→ **Brief**: Nothing should appear in the answer except the lines below from the line containing "Coach Paddy Signature" through the line containing "50 FRANC FRANSKT MYNT MED SILVERRAM.", copied exactly, with pictures left out.

→ **Information given**:
****************

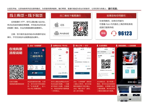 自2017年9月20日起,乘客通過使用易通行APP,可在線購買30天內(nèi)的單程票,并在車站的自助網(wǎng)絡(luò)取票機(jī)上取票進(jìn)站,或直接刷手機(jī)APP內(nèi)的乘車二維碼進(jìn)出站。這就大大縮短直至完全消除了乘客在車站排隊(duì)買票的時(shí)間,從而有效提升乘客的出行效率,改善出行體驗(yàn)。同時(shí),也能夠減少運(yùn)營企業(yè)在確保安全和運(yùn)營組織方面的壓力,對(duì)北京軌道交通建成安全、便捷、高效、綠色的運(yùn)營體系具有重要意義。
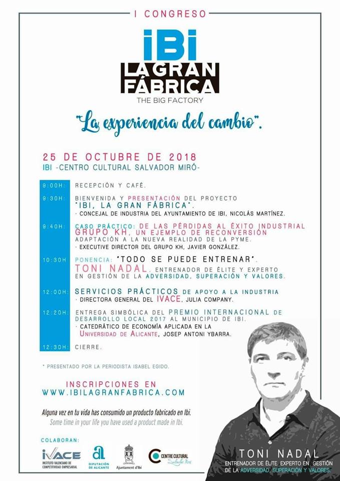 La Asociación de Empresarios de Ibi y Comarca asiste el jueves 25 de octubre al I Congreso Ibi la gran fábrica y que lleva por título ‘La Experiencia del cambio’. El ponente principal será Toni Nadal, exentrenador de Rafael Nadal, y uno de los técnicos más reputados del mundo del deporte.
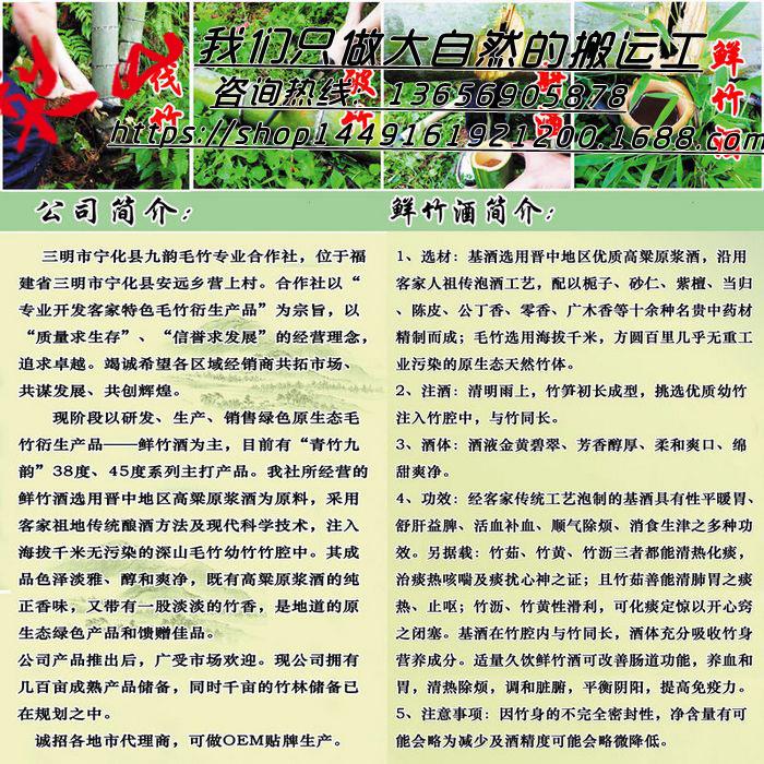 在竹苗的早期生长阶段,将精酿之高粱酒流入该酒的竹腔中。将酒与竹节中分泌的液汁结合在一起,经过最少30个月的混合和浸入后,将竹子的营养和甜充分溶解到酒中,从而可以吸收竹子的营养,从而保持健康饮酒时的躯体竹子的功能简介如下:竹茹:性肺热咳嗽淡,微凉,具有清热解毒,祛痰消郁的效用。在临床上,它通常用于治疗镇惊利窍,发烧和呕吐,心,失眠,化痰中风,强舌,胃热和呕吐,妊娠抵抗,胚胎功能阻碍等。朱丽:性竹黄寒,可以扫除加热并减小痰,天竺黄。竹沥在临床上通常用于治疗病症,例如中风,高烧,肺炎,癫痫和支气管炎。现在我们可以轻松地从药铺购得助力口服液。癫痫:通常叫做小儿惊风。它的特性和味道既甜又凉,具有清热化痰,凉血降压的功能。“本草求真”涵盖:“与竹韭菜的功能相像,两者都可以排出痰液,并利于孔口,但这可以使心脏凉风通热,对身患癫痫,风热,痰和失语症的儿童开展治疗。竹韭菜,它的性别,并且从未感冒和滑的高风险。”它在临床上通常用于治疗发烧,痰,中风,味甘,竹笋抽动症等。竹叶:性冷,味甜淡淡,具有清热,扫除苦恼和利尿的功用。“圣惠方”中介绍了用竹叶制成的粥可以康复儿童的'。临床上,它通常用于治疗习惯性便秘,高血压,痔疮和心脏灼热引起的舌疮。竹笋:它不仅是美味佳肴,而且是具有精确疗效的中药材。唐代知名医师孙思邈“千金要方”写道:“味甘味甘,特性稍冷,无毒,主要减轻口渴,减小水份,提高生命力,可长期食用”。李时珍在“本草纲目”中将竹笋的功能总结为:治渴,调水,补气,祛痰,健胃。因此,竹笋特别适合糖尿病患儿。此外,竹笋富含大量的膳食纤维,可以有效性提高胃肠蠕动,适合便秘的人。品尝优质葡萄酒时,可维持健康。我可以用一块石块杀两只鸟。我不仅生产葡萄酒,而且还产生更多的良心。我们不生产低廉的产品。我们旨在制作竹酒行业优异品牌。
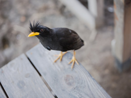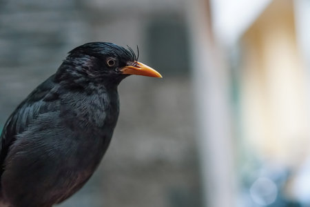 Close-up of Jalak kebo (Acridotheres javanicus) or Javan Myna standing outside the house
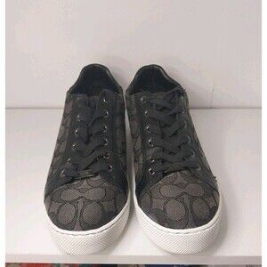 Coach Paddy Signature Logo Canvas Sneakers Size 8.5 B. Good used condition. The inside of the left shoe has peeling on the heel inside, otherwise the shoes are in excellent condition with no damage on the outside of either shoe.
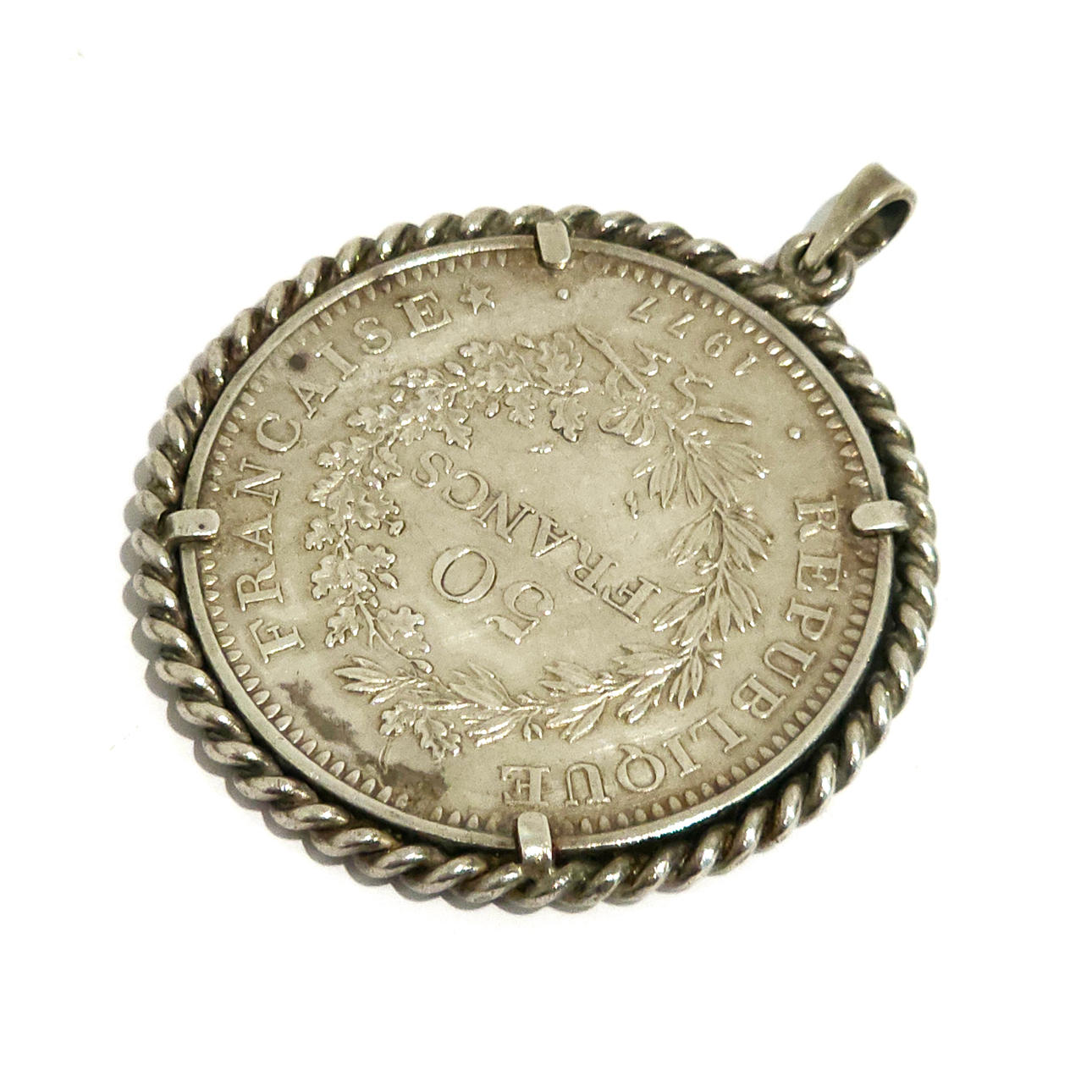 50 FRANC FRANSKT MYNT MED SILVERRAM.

****************

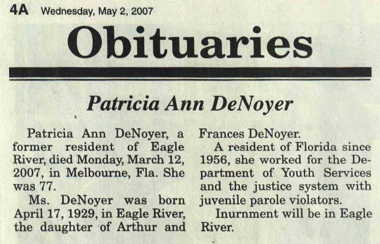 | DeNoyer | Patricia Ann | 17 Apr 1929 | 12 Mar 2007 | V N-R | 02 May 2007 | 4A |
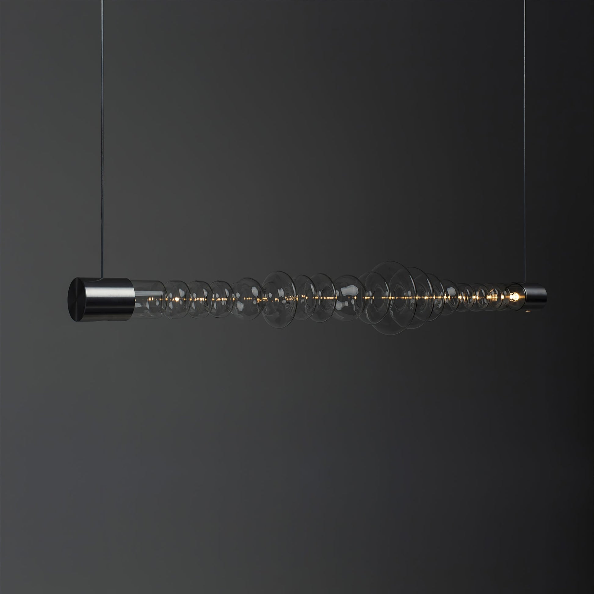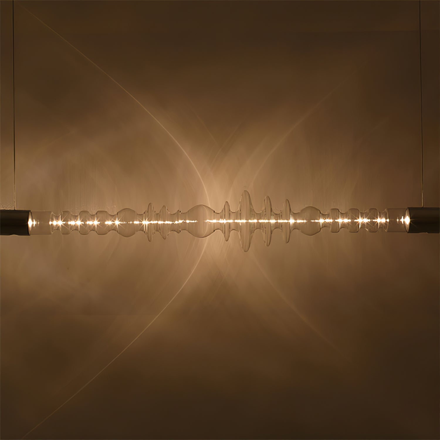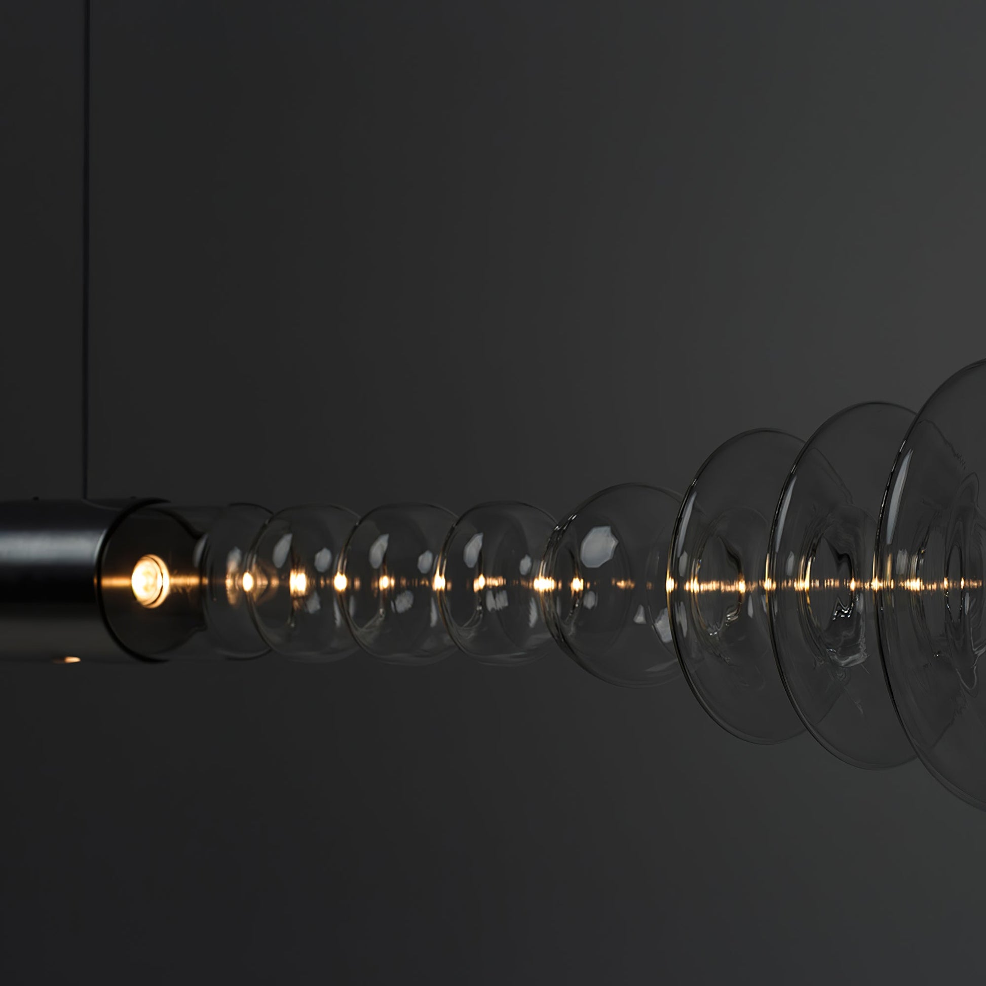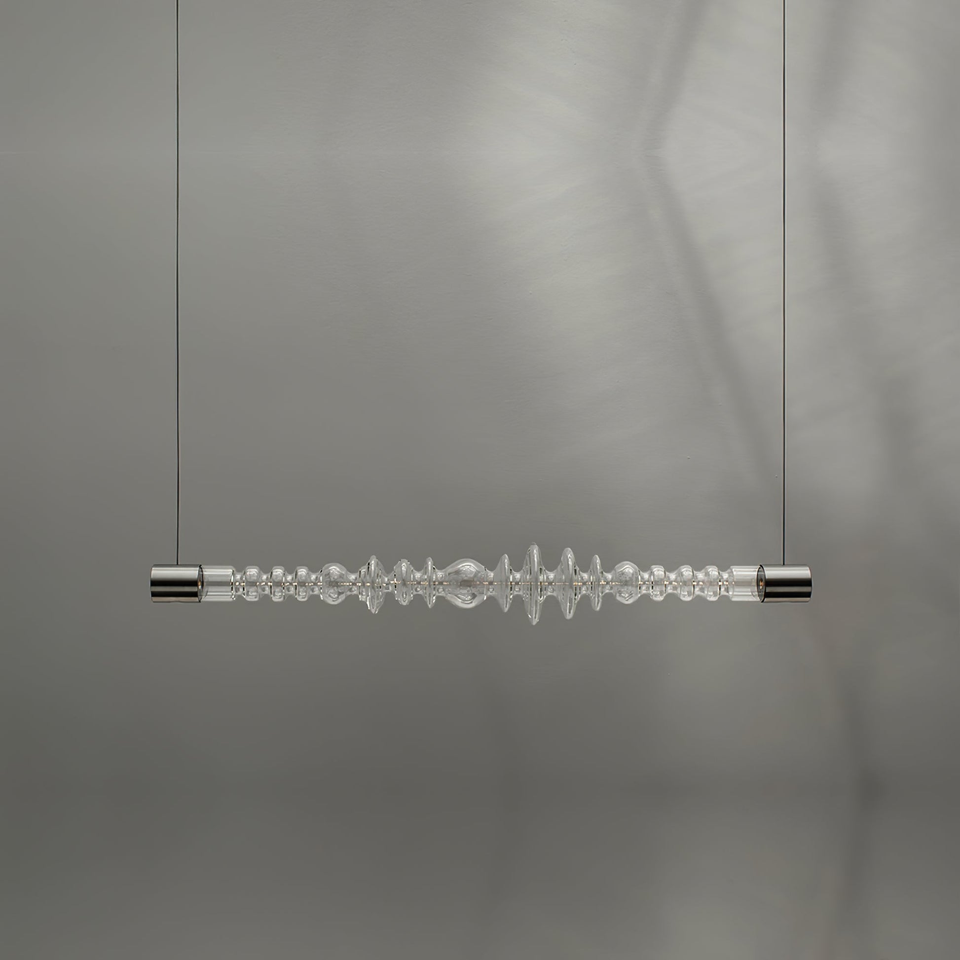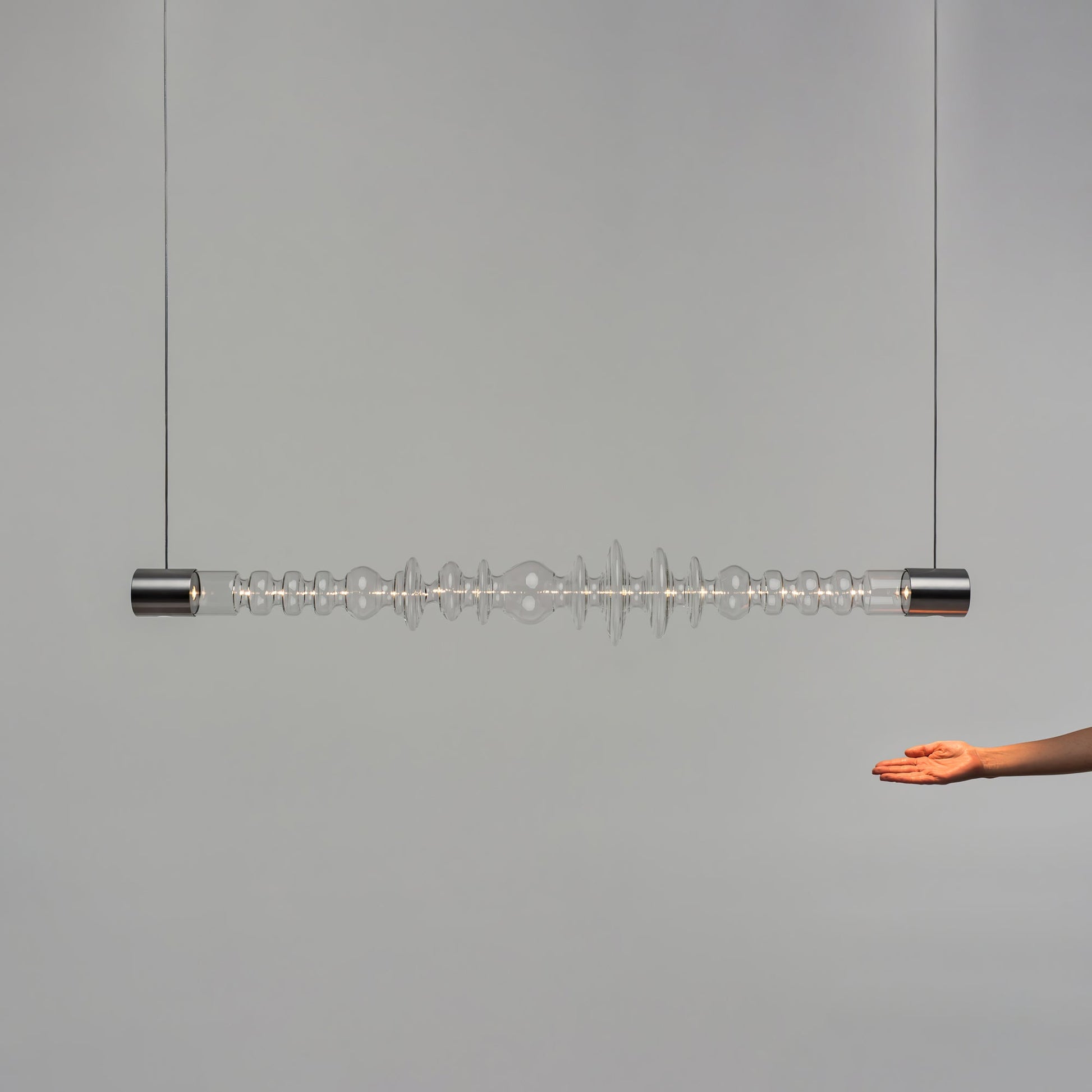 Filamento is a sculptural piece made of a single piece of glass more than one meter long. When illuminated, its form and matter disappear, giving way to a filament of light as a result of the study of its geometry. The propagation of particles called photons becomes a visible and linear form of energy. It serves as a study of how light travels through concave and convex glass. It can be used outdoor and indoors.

****************

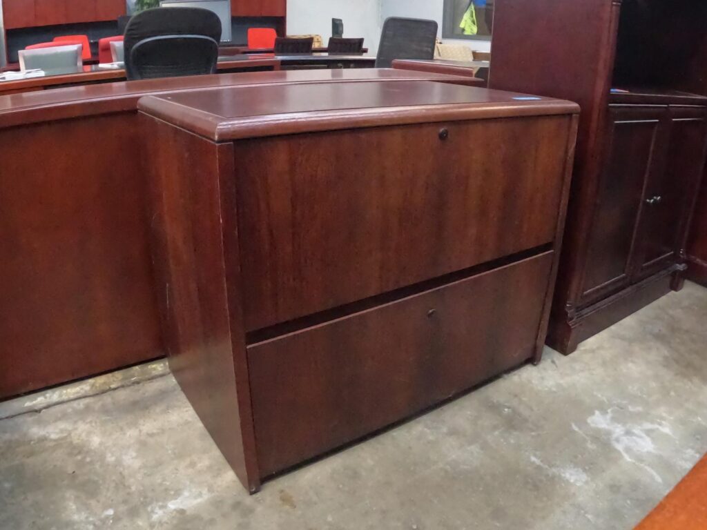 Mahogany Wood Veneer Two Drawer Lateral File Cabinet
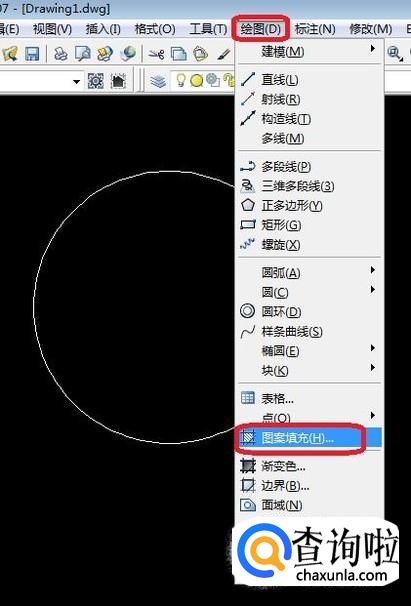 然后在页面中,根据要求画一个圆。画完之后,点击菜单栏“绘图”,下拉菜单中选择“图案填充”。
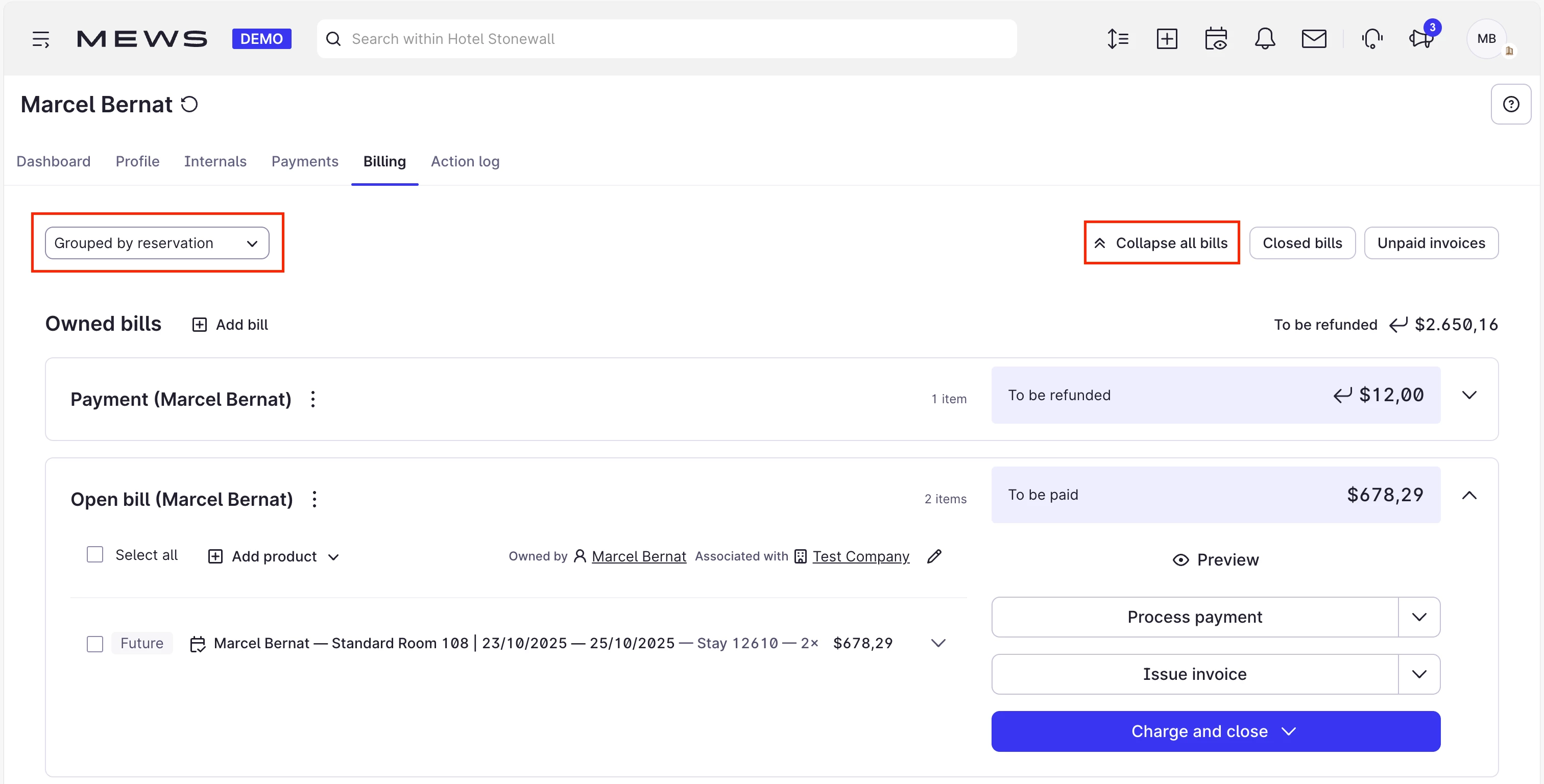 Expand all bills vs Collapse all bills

****************

→ **Reply to the exercise**:
 Coach Paddy Signature Logo Canvas Sneakers Size 8.5 B. Good used condition. The inside of the left shoe has peeling on the heel inside, otherwise the shoes are in excellent condition with no damage on the outside of either shoe.
 50 FRANC FRANSKT MYNT MED SILVERRAM.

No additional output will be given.